About the Team
We are building a new-generation Platform Operations team that reimagines the traditional CloudOps/SRE model. Instead of siloed specialists, every engineer on this team is expected to operate across Cloud Infrastructure, Databases, Networking, Operating Systems, and Data Pipelines—powered by Generative AI as a force multiplier.
Over time, you will develop deeper expertise in one or more areas, but the baseline expectation is full-stack operational capability from day one.
Role Summary
As a Platform Operations Engineer I, you will manage and maintain customer cloud infrastructure across multiple technology layers. You will leverage AI-assisted tools and workflows to diagnose issues, automate toil, and deliver reliable infrastructure at scale. This is an ideal role for a curious, fast-learning graduate who wants broad exposure to modern infrastructure and AI-augmented operations.
Key Responsibilities
- Monitor, troubleshoot, and resolve incidents across customer cloud environments (GCP / Azure / AWS) using AI-assisted diagnostic workflows.
- Perform routine infrastructure operations: provisioning, patching, backup verification, certificate renewals, and capacity reviews.
- Support database operations (relational and NoSQL) including health checks, query performance triage, and backup/restore procedures.
- Assist with network configurations such as VPNs, firewalls, DNS, load balancers, and connectivity troubleshooting.
- Manage OS-level tasks across Linux and Windows servers: log analysis, service management, disk and memory diagnostics.
- Contribute to data pipeline monitoring and basic ETL/ELT troubleshooting across platforms such as Databricks and Snowflake, in collaboration with data engineering stakeholders.
- Use Generative AI tools from providers such as Google Gemini, Anthropic Claude, OpenAI, and open-source LLMs to accelerate problem-solving, write automation scripts, and generate runbooks.
- Write and maintain Infrastructure-as-Code (Terraform, CloudFormation, or equivalent) with AI-assisted code generation; support DevOps practices including CI/CD pipelines and GitOps workflows.
- Participate in on-call rotations and follow incident management best practices (triage, communication, post-mortems).
- Document procedures, solutions, and knowledge base articles clearly and concisely.
Required Qualifications
- Bachelor's degree in Computer Science, Information Technology, or a related field (recent graduates welcome).
- Foundational knowledge of at least one major cloud platform (GCP, Azure, or AWS): core compute, storage, networking, and IAM concepts.
- Basic understanding of operating systems (Linux preferred) including command-line proficiency, process management, and file systems.
- Familiarity with networking fundamentals: TCP/IP, DNS, HTTP/S, subnets, firewalls, and basic routing.
- Introductory knowledge of relational databases (SQL) and at least awareness of NoSQL paradigms.
- Exposure to data engineering concepts: data pipelines, batch vs. stream processing, and common platforms and tools (e.g., Databricks, Snowflake, Spark, Airflow, or equivalent).

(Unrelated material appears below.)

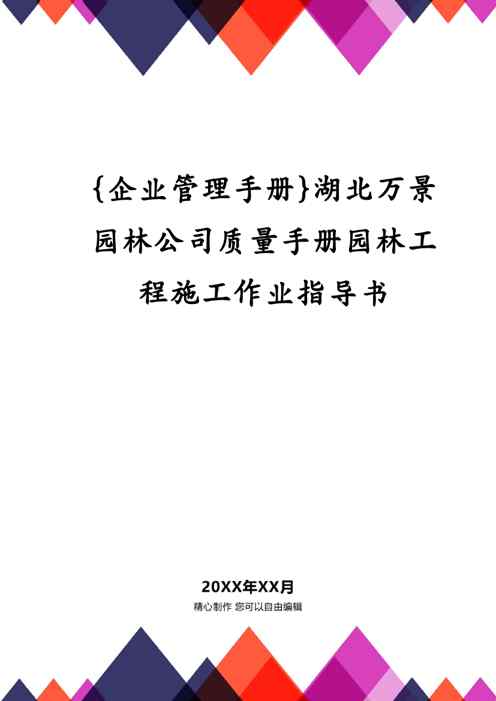 不久前,最新文档《{企业管理手册}湖北万景园林公司质量手册园林工程施工作业指导书》全文正式在本站发布,感兴趣的用户可以下载阅读。 声明:本站所有文章,如无特殊说明或标注,均为本站原创发布。任何个人或组织,在未征得本站同意时,禁止复制、盗用、采集、发布本站内容到任何网站、书籍等各类媒体平台。如若本站内容侵犯了原著者的合法权益,可联系我们进行处理。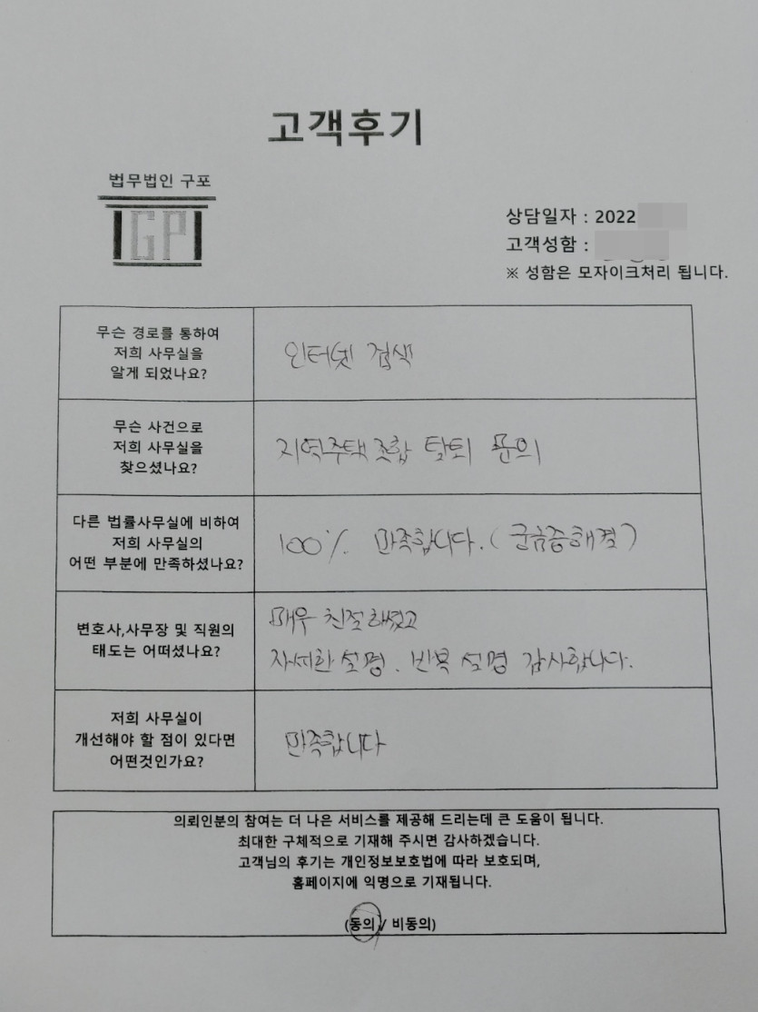 클릭해서 더보기 => 민사(지주택,지역주택탈퇴 방문상담) 의뢰인분의 실제 고객후기

- Basic understanding of AI/ML concepts: what LLMs are, prompt engineering basics, and willingness to use AI tools daily (Google Gemini, Anthropic Claude, OpenAI, open-source LLMs) in operational work.
- Familiarity with at least one programming or scripting language (Python, Bash, Go, or JavaScript) and configuration languages such as YAML.
- Strong written and verbal communication skills; ability to explain technical issues to both technical and non-technical stakeholders.
Preferred Qualifications
- Any cloud certification (e.g., GCP Digital Leader, AZ-900, AWS Cloud Practitioner).
- Personal projects or coursework involving DevOps practices, Infrastructure-as-Code, CI/CD, or containerisation (Docker/Kubernetes).
- Exposure to monitoring and observability tools (Datadog, Prometheus, Grafana, CloudWatch, or similar).
- Demonstrated curiosity in Generative AI: prompt engineering experiments, AI-powered side projects, or relevant coursework.
What We Offer
- A supportive environment to kick-start your career with broad exposure to modern infrastructure and AI-powered operations.
- Structured mentorship and a clear path to specialisation (Cloud, DBA, Network, OS, or Data Engineering).
- Broad exposure to multi-cloud, multi-technology customer environments.
- Investment in certifications and continuous learning.